DIRECTIONS FOR THIS TASK — Please copy only the material from the line that has "maleri på lærred." to the very last line, both ends included, exactly as written and without pictures.
··· DATA BLOCK
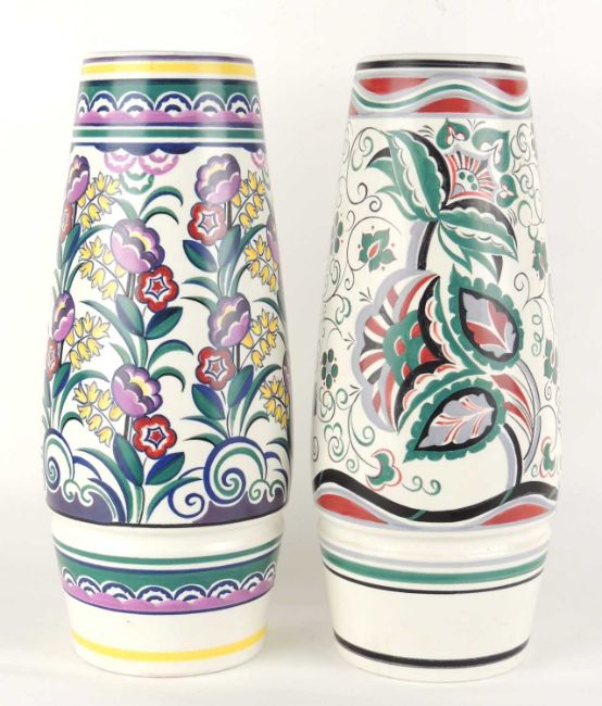 POOLE VASE, decorated by G. Haskins (MK47), 42.5cms (h); together with a similar shaped Poole vase, signed N. Blackmore, 42.5cms (h) (2)Provenance: The collection of Philip ClarksonComments: both in good condition
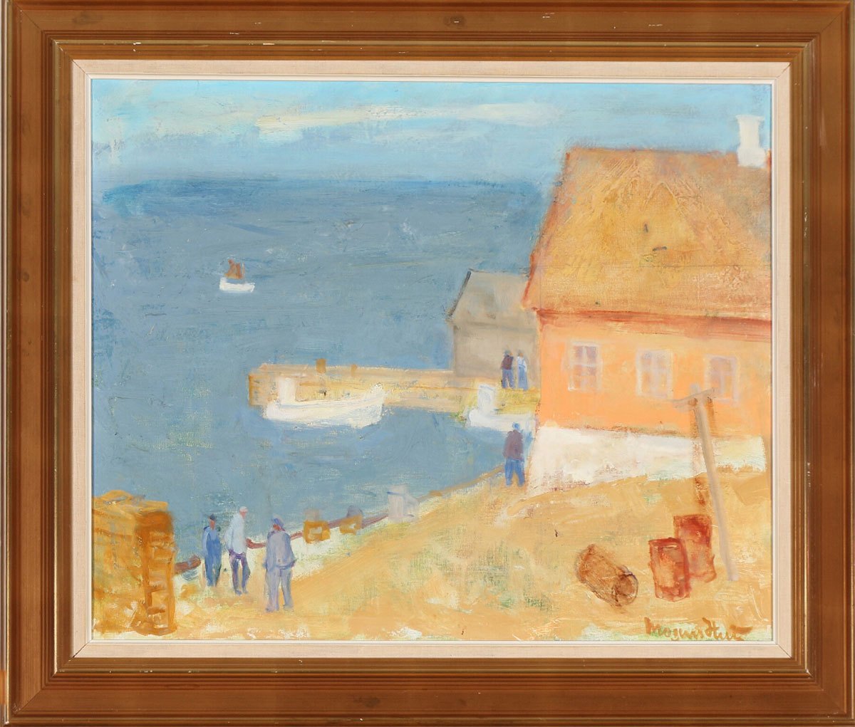 "Bornholm, kystparti med personer" Olie maleri på lærred.
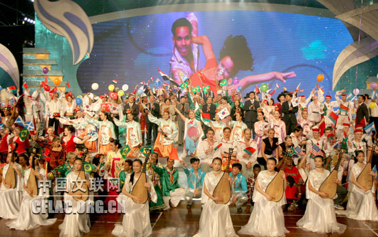 10月12日,第八屆中國國際民間藝術(shù)節(jié)頒獎典禮暨中外藝術(shù)家大聯(lián)歡在蘇州市相城區(qū)體育藝術(shù)館舉行。圖為晚會現(xiàn)場。中國文聯(lián)網(wǎng) 孟祥寧 攝
······
RESULT OF THE TASK —
 "Bornholm, kystparti med personer" Olie maleri på lærred.
 10月12日,第八屆中國國際民間藝術(shù)節(jié)頒獎典禮暨中外藝術(shù)家大聯(lián)歡在蘇州市相城區(qū)體育藝術(shù)館舉行。圖為晚會現(xiàn)場。中國文聯(lián)網(wǎng) 孟祥寧 攝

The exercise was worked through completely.